Ravi is a Chennai-born NRI and a part-time student at Monash University in Melbourne, Australia, where he is pursuing a bachelor’s degree in industrial and product design. His exceptionally eco-friendly car was selected out of 17 entries at this year’s competition. The eight-judge panel included experts like GM Holden design director Antony Stolfo, Australian International Design Awards executive director Brandon Glen, Nielsen Design Associates managing director Sandy McNeil, and Newcastle University industrial design head Graham Paver.

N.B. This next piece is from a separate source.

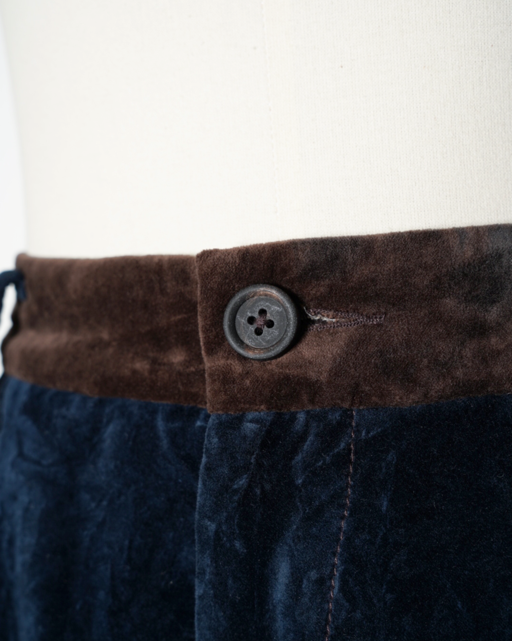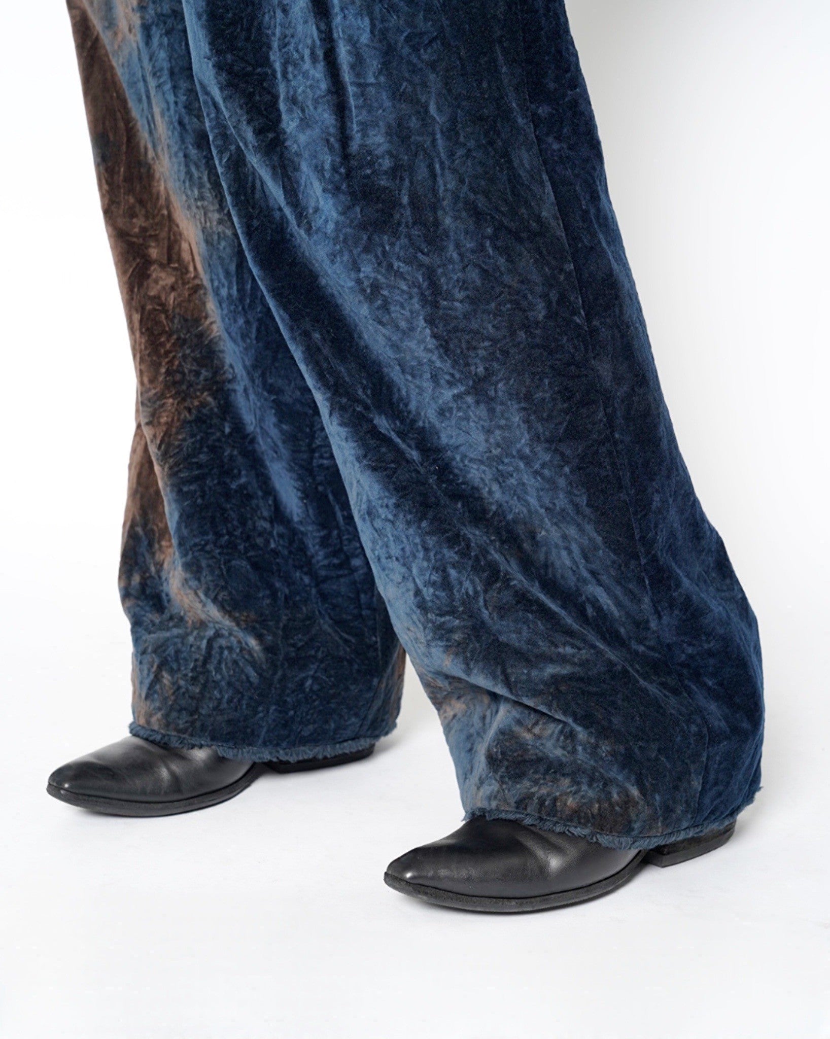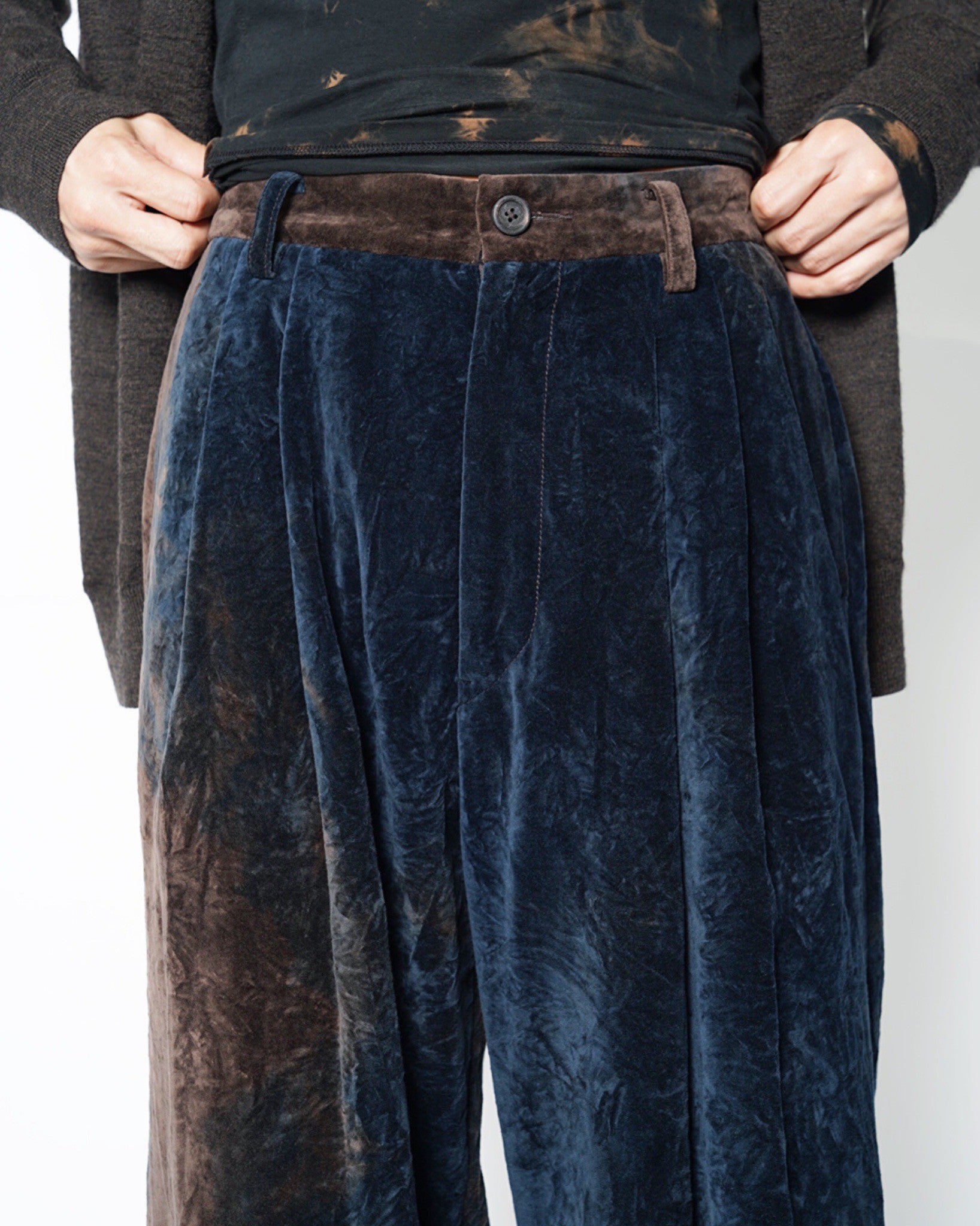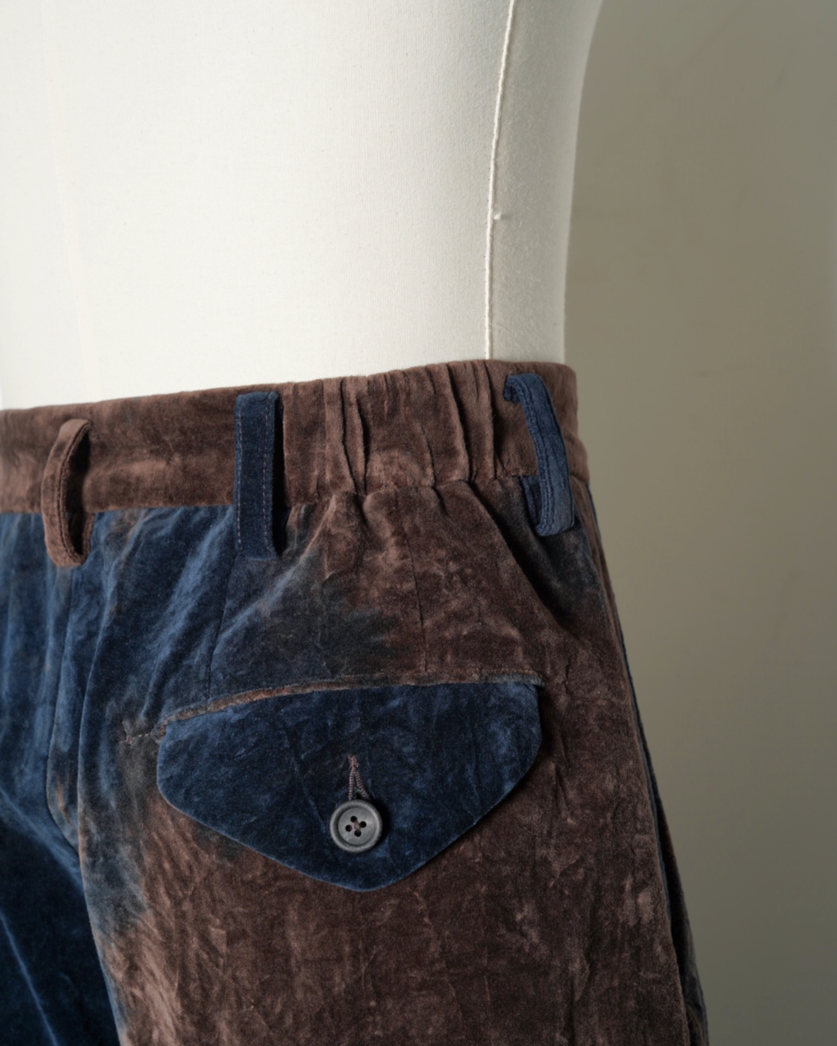・ブルーとブラウンのダブルダイのベルベット素材がデザインの肝となっており、陰影豊かなシワ感やまばらな色の混ざり合いが、美しくも力強い奥行きをもたらしています。

This year’s competition marked the 50th anniversary of the Fiat 500, and the designs were required to be 2+1, 500 cc, and 500 kg. The judging criteria included innovation, intelligence of design, visual impact and form, functionality, quality, as well as design for manufacture and maintenance, ergonomics and semantics, safety, and environmental considerations.

The award entitles Ravi to a $50,000 three-month internship at GM’s North American design studio in 2008, where he will work with a team of international students on an advanced design project. He will also get a $15,000 trip to a major international motor show in 2008, funded by aXcess of Australia. Other designs that were highly commended at the competition were H500 by Tanveerul Islam and Roll up by Edwin Yi Yuan.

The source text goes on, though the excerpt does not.